Mr Sunak said: “VAT on hospitality and tourism is charged at 20 per cent. So I’ve decided, for the next six months, to cut VAT on food, accommodation and attractions.

“Eat-in or hot takeaway food from restaurants, cafes and pubs; accommodation in hotels, B&Bs, campsites and caravan sites; attractions like cinemas, theme parks and zoos; all these and more will see VAT reduced, from next Wednesday until January 12, from 20 per cent to 5 per cent.”

How much can I save from the VAT cut?

The Treasury says the VAT reduction is expected to save households around £160 a year on average and it’ll mean price cuts of 12.5 per cent if businesses pass it on in full.

We found you could save around £50 over six months if you spend £15 a week on takeaways, for example, meanwhile a family of four could save hundreds if they’re planning a week’s holiday in the UK.

But the caveat is whether businesses will pass on the savings to consumers.

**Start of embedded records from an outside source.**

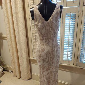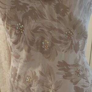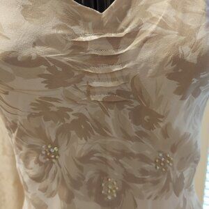 Heavenly to wear this beautiful simple gown is light as a feather. The colors are neutral in off white with pale shades of brown flowers and foliage. Both the outer layer and lining are silk and it just slips on with no zippers or buttons. The dress is displayed on a mannequin with a 34 1/2" bust, 27" waist and 36" hips and there is no room to spare. The length is approximately 51 1/2" from shoulder seam to bottom of hem on flat surface. Gently worn once. White House Black Market Size 6
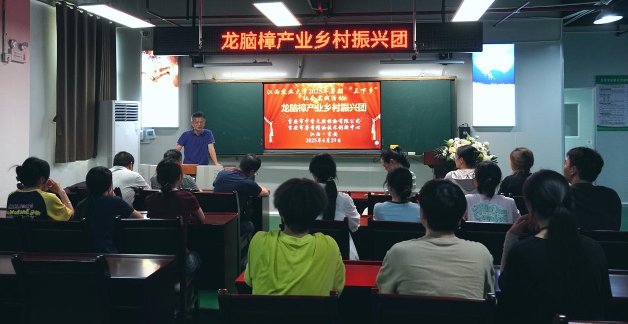为助力乡村振兴,深化产学研融合。6月29日-7月10日,中心副主任、植物天然产物与林产化工研究所副所长陈尚钘教授等一行带领江西农业大学“三下乡”社会实践营队--龙脑樟产业乡村振兴团前往吉安市中香天然植物有限公司,开展“三下乡”实践活动,中心范国荣研究员、彭大勇博士和全体社会实践营队队员参加了活动,以专业知识赋能产业发展,用青春行动书写乡村振兴答卷。学院党委副书记刘彩云参加了活动,吉安市中香天然植物有限公司董事长罗秋根,研发总监张华锦热情接待了“三下乡”人员一行。
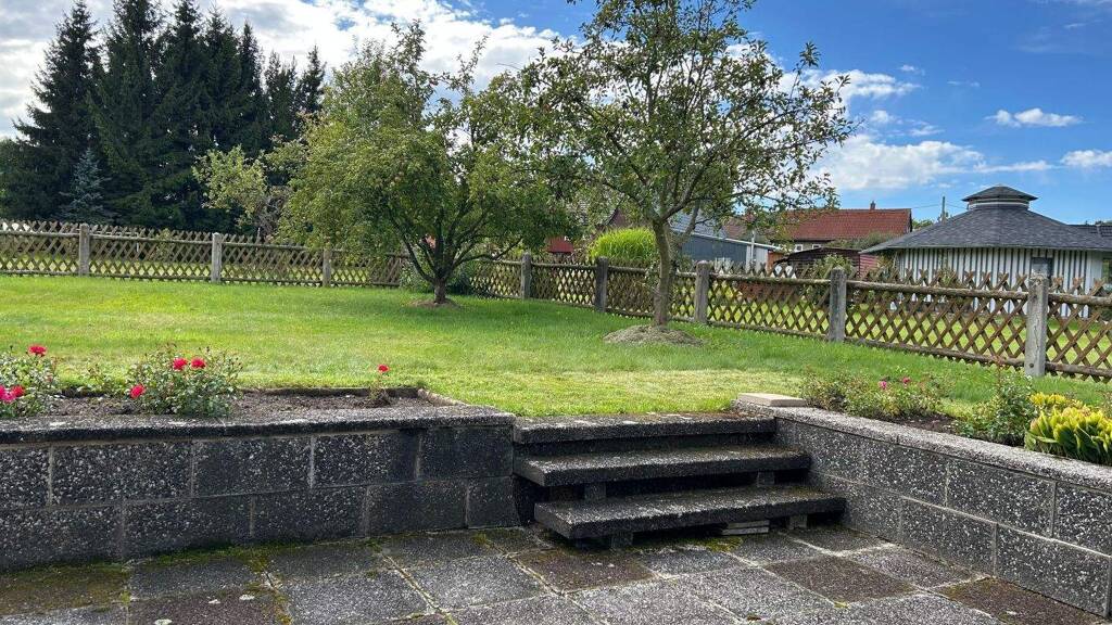 Im ersten Eindruck grüßt ein hübscher Vorgarten. Der Weg ins Haus führt charmanter Weise nach hinten über die Steinterrasse. Hier öffnet sich auch das Grundstück zum Rasen und dem massiv erbauten Nebengebäude. Auch die altbekannten festen Wäschestangen gibt es hier, entweder geeignet für Wäscheleinen, für Kinder zum Zelt bauen oder zum Anhängen einer Schaukel. Kinder werden das Grundstück sehr mögen.

Genevieve Morris, head of corporate tax at accountancy firm Blick Rothenberg said: “It’s now a case of watch and see whether it is the consumer that benefits or the businesses themselves.  

“The indication from the chancellor’s statement is that he expects this to reduce prices and encourage spending.

“But many businesses that have huge losses over the past few months may use this to boost profits, by keeping headline consumer prices the same, and pocketing the VAT saving – and who can blame them if they did?”